§ **Source material**:
********************
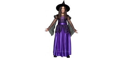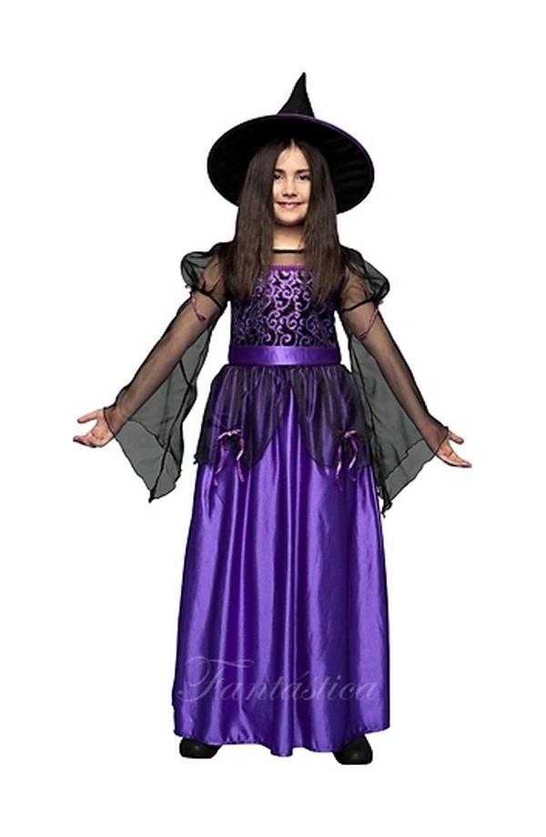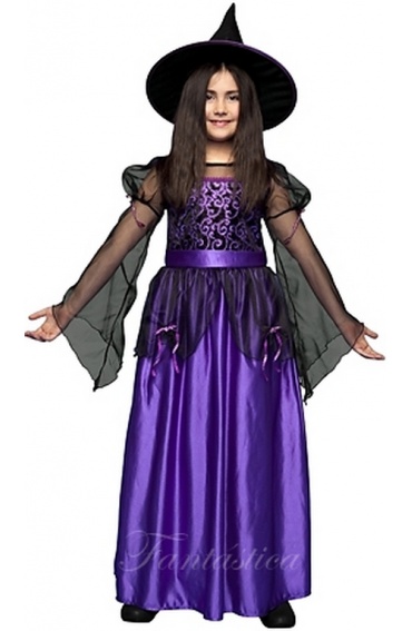 Disfraz para Niña Bruja. Bonito disfraz de brujita que incluye un magnífico vestido morado largo, con decoración en el pecho de arabescos morados sobre fondo negro, cinturilla morada y dos velos negros que caen a la cadera con cintas malva; las mangas en velo negro transparente, son largas estilo campana con cintas moradas, todo a juego con un precioso sombrero negro con cinta morada. Ideal como disfraz de Halloween!
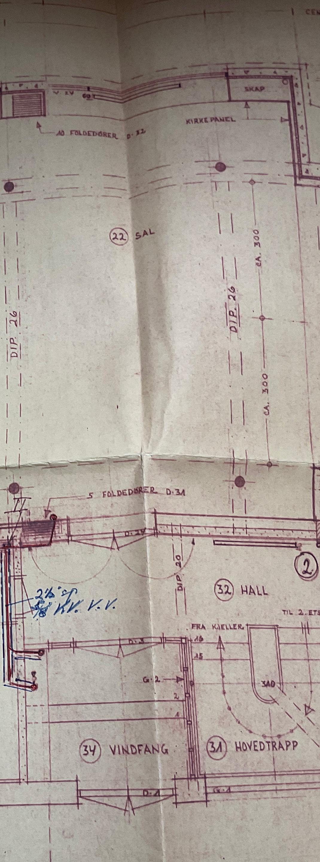 Grundriss und Skizze zum Gemeindesaal: Mit dem Kauf des Hauses wurden 1960 von Architekt Thilo Schoner verschiedene Pläne zur Innengestaltung angefertigt. Am 6.10.2024 können diese im Original in einer Ausstellung in unserem Haus der Gemeinde bestaunt werden.
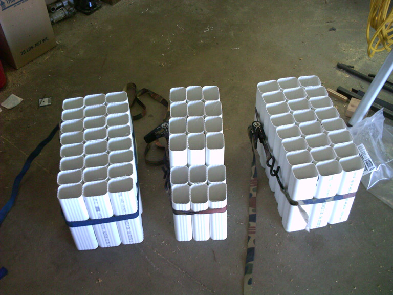 I think it looks great. One suggestion for you on the pvc down spouts to put a little finishing touch on it. That would be to use pvc primer and glue to hold them together instead of rachet straps. You may have aready done this and used the straps to hold it while the glue sets up but just a option. I have done it for pedastal base lure holders by taking 2" pve or ABS and glueing it together in a circlular pattern to fit around the post of the pedastal. Very inexpensive and with some spray paint can add alot of extra finish and use out of it. Good job on what you did. It is nice to have brother in-laws that help you out. But lets face it it is for their comfort also if they fish with you. Very nice job on this!
********************
§ **Task statement**:
In the copy, include each line from the start of the material through the line with "Grundriss und Skizze", word for word, but none of the pictures.

§ **Response below**:
 Disfraz para Niña Bruja. Bonito disfraz de brujita que incluye un magnífico vestido morado largo, con decoración en el pecho de arabescos morados sobre fondo negro, cinturilla morada y dos velos negros que caen a la cadera con cintas malva; las mangas en velo negro transparente, son largas estilo campana con cintas moradas, todo a juego con un precioso sombrero negro con cinta morada. Ideal como disfraz de Halloween!
 Grundriss und Skizze zum Gemeindesaal: Mit dem Kauf des Hauses wurden 1960 von Architekt Thilo Schoner verschiedene Pläne zur Innengestaltung angefertigt. Am 6.10.2024 können diese im Original in einer Ausstellung in unserem Haus der Gemeinde bestaunt werden.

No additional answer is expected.